The numbers also connect to a bigger astrophysical puzzle. The mass of oMEGACat BH-2 is unusual because it sits in a “mass gap” that has only become apparent in the last eleven years of gravitational-wave detections. Gravitational waves come from merging stellar-mass black holes. In those detections, black holes with masses between 2.5 times the mass of the sun (the theoretical limit for neutron stars) and five solar masses are conspicuously absent. Yet oMEGACat BH-2 lands inside that missing range. That means it can help explain how black hole formation and the dynamical building of binaries really work in dense environments like Omega Centauri.
The executives-style takeaway is that this one detection changes how future signals should be interpreted, because it tightens the link between “what we see” and “what models assume.” Anil Seth, also from the University of Utah, highlighted the uncertainty around black hole physics and formation, and specifically the need to understand forming black holes and then dynamically forming binaries. Those processes affect how scientists interpret gravitational-wave events, and environments like Omega Centauri are considered primary places where binaries merge and create those waves. There’s also a chemical angle: Omega Centauri stars are more primitive than the sun, with fewer elements heavier than hydrogen and helium. That matters because the progenitor star’s heavy-element content influences what kind of compact remnant forms when the star explodes as a supernova. Seth points to the complication directly: oMEGACat BH-2’s progenitor contained few heavy elements, so “we need to figure out how that happens.”
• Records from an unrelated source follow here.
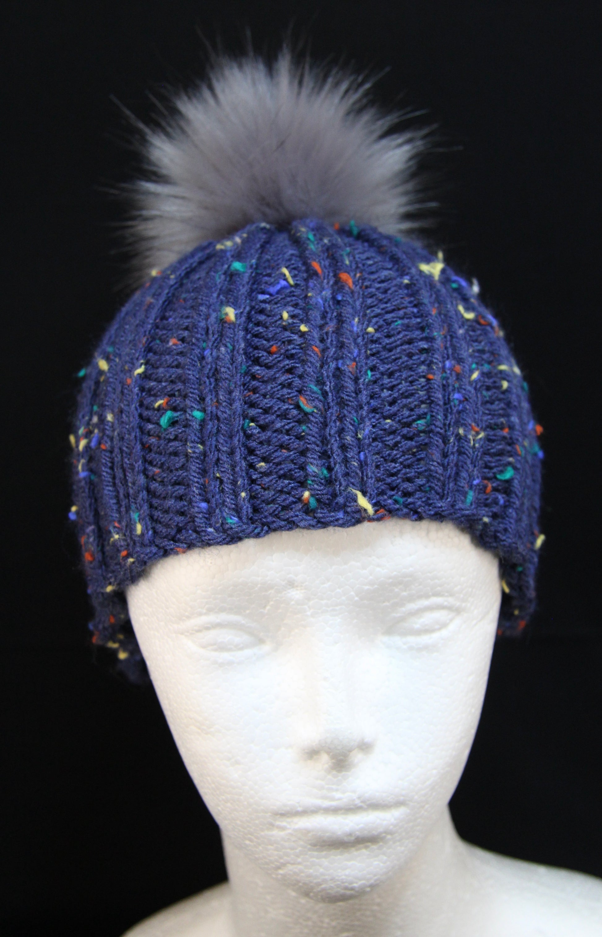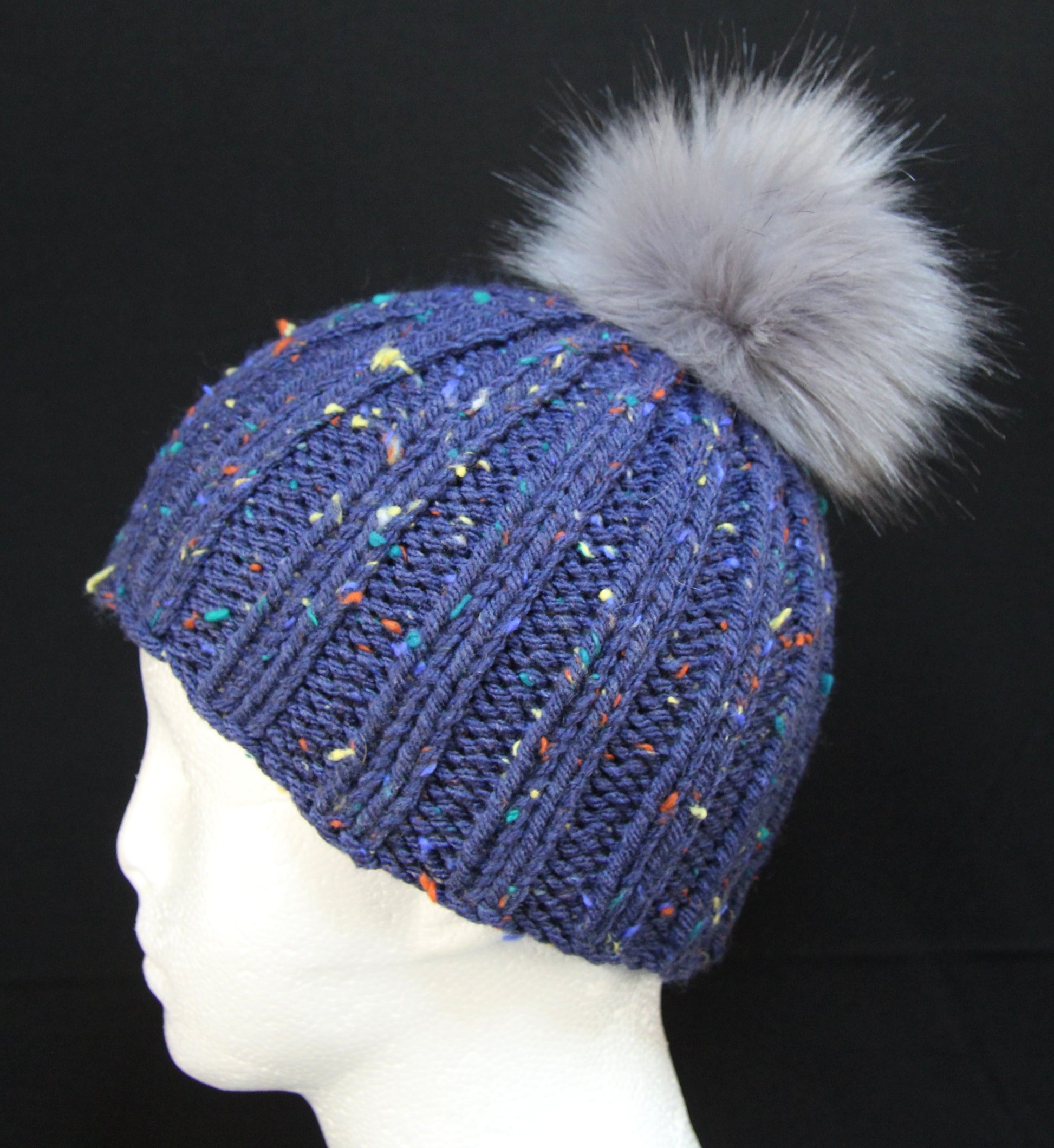 Chunky double rib hat with faux fur pom pom detail, in supersoft tweed effect yarn.
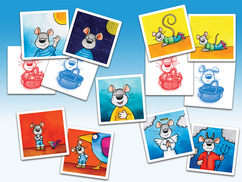 Do KLUBU PŘEDŠKOLÁKŮ patří i hra s protiklady, jejíž hlavní hrdinkou je myška. Jednou je malá, jindy velká, pak zase veselá, anebo smutná. Učí děti rozeznávat protiklady a procvičuje tak jejich postřeh, paměť i pozorovací schopnosti a zároveň jim rozšiřuje slovní zásobu. Hra pro 1 až 4 hráče od 3 do 7 let obsahuje 54 kartiček a umožňuje dvě herní varianty.
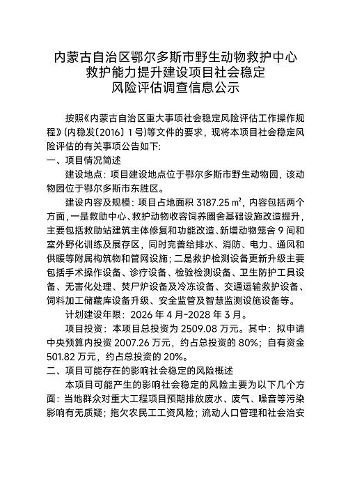 內(nèi)蒙古自治區(qū)鄂爾多斯市野生動物救護中心救護能力提升建設(shè)項目社會穩(wěn)定風險評估調(diào)查信息公示
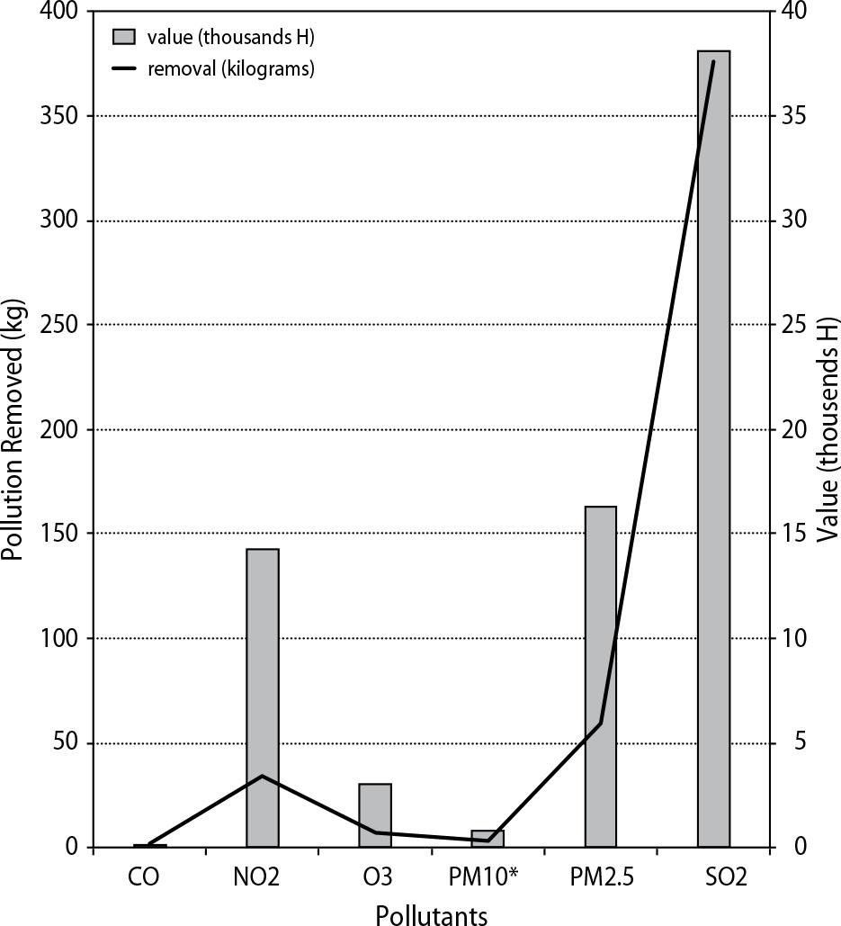 | No | Species | Oxygen (kg) | Gross carbon sequestration (kg/yr) | Number of trees | Leaf area (ha) |
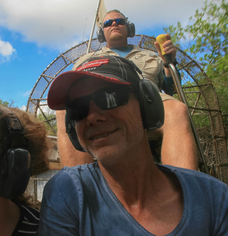 We hebben dus geen tickets gereserveerd bij Captain Jack's maar we hebben geluk. We zijn lekker vroeg en mogen met ons zessen in 1 boot om 10;30 vertrekken. Vet leuk, zo met ons eigen gezin in zo'n Airboat. Een Airboat is een kleine open boot met een platte bodem die wordt aangedreven door een soort van grote propeller. Ze zijn perfect om in ondiepe wateren te varen. Men noemt het ook wel een Fluisterboot, maar ze maken een hoop herrie. Ik weet ook niet wie op die naam gekomen is.
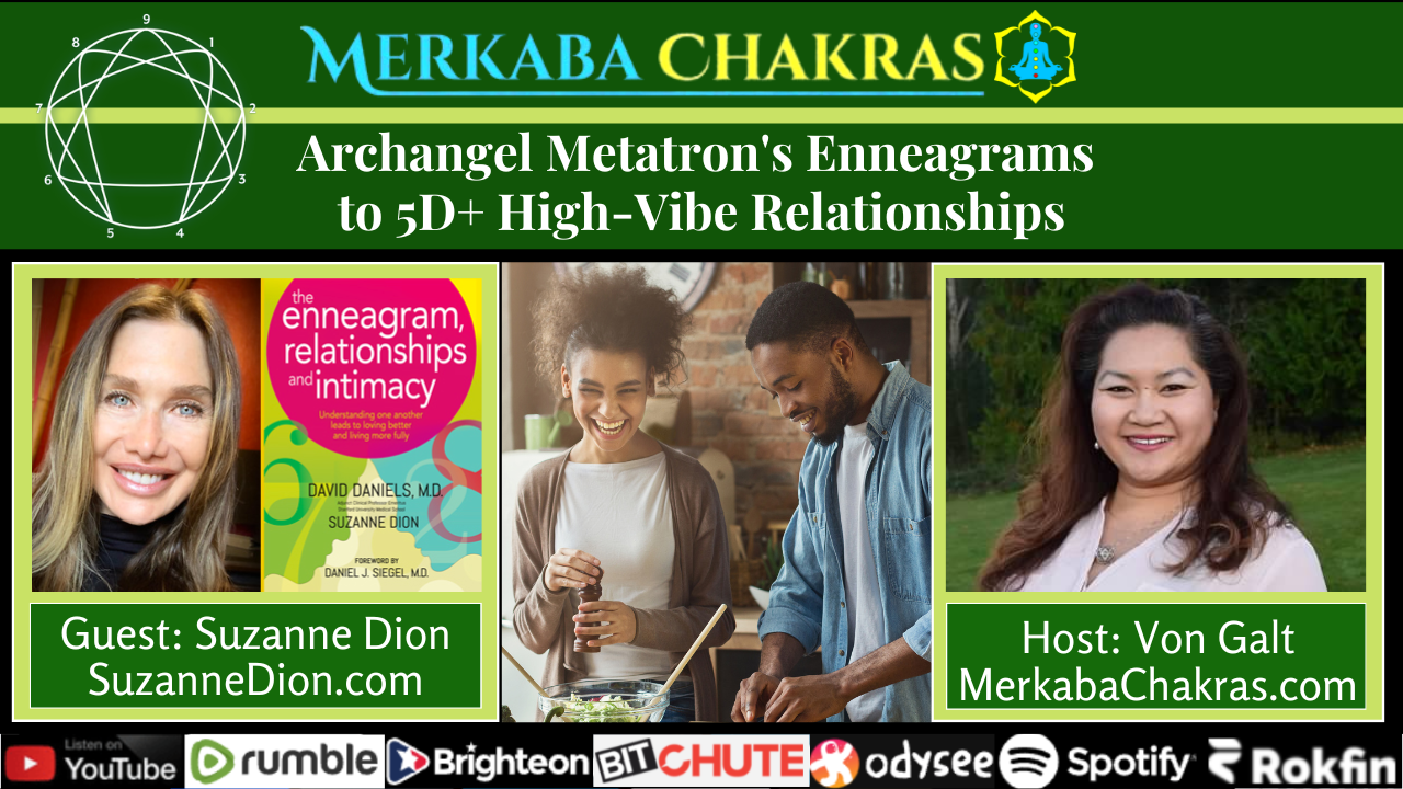 Welcome to another episode of Merkaba Chakras. I’m your host, Von Galt. Today, we dive into what THE ENNEAGRAM is about and how we can use this map of human personality development to attract the most loving-soulful relationships with those we love. Co-Author with David Daniels, M.D., of “The Enneagram, Relationships, and Intimacy”. Mrs. Suzanne Dion, welcome to Merkaba Chakras!

And the story is not just “one and done.” Over time, this specific companion star is not guaranteed to stay bound. Because Omega Centauri is crowded, within another billion years encounters with other stars will probably pluck the black hole’s companion away. Meanwhile, Whitaker’s team continues using Hubble and JWST data to find more stellar-mass black holes in Omega Centauri. There’s also a forward-looking instrument angle: the NASA Nancy Grace Roman Space Telescope is expected to launch later this year, with plans to image the crowded galactic bulge, including the galactic center, very regularly with Hubble-like resolution and a much wider field of view. Whitaker argues that Roman’s regular cadence could make it easier to find black hole binary systems like this one.
For decision-makers watching the frontier move, the strategic stake is simple: the “missing” black holes problem is now partially solvable in a way that can feed models of gravitational-wave sources. When your interpretation pipeline depends on population assumptions, one carefully measured object inside a suspected gap can ripple outward. In this case, the ripple starts with a star’s 94-year wobble, gets sharpened by two telescopes across 20 years, and lands on a 4.46-solar-mass black hole that changes what globular clusters might be able to produce.